There is a 95.1% chance for a given SSN5 that, under a totally random distribution, we would end up with 0 observations of an SSN5 (the above numbers show a 1-sided p-value of 0.049 for a count of 1). So using an adjusted p-value cutoff of 0.05, we would detect a fraud ring on the fourth application occurrence, with approximately a 5% chance that we would detect the fraud ring earlier (the case that there are non-fraudulent applications). Using a Bonferroni-adjusted p-value cutoff of 0.05 is very conservative here: it suggests that the probability that a false positive SSN5 is flagged would be around 0.05.
Considering these cutoffs, this is one reason we encourage our partners to share loan applications with us instead of just applications that make it through some initial credit check: detection on the fourth application is much cheaper than detection at the fourth loan which was about to be made to a synthetic! Additionally, this provides a clear example of why we have to be careful to deduplicate identities: if somebody reapplies just a few times, they will start triggering these cutoffs, and the test becomes more a test of applicants re-applying than detecting fraud rings.
Depending on whether you are using this p-value or a transformed version of it as an input to a model or as an independent rule, you might want to spend more time tuning the cutoff. Even without looking at your data, you can create simulations and see different false positive rates you might expect, as well as different rates of synthetic fraud you might capture under different simulations. Something to make these values more readable for either a nontechnical human or a model might be applying logs to the p-values as a feature transformation.
If feeding these features into a model, the model choice will affect how you use these features. If creating a feature for a tree-based model, for example, you naively wouldn’t even have to use p-values, and you could instead use counts or frequencies of the SSN5 as a feature here, since any strictly monotonic transformation of a feature will be equivalent for a tree-based model. I write “naively” because there will be productionalization challenges as you try to account for changing volume within different time windows under consideration, which might push you back towards using p-values.

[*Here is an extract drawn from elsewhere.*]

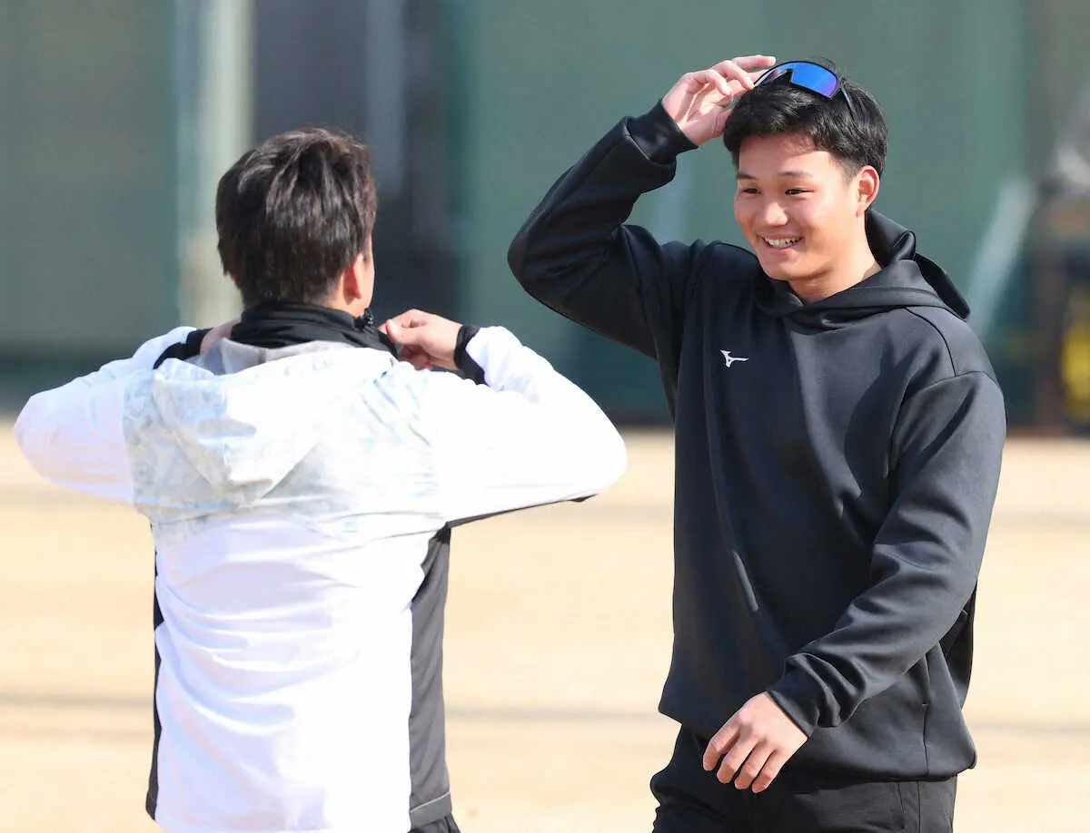この日は寒空の下、キャッチボール、トスバッティングでボールの感覚を確かめた。入寮日だった前日も軽く体を動かし、夕食はステーキに舌鼓を打ちながら、ご飯を大盛り2杯たいらげた。「これからやらなきゃいけないなという意識がだんだん上がってきた」。高校通算57本塁打、東都大学野球リーグ9本塁打のスラッガーは、一歩ずつ、夢の階段を上がっていく。(倉世古 洋平)

There are a few benefits of using this method to detect synthetic fraud. One is that it helps you catch patterns of fraud that have made it through your system which you might have continued to miss. Additionally, once this signal has been triggered, you learn that a fraud ring may be hitting you and you can focus your verification policies or manual review better. Furthermore, this signal could help you identify other approved applications with the same SSN5 might also be synthetic, which helps you revisit your approvals and pinpoint approvals you might not have otherwise realized are fraud, or only realized at the point of charge-off.
However, there are some challenges with this method of synthetic fraud detection.One is that tuning these signals can be a bit challenging, especially if you’re restricting by other attributes that you might expect a fraud ring to have in common. Particularly for an organization without precise synthetic fraud labels, tuning these offline in a way that will work well in production is hard to get right. There are also some production challenges which I hinted at in the technical note above.
Another issue with this sort of feature that it does not kick in immediately. It can take a few applications to realize that something unusual is occurring, and of course you’d like to detect these fraud rings as soon as possible. This is one advantage that SentiLink has relative to lenders working in isolation: because we receive data from many lenders, we are internally able to pool data and note suspicious signs.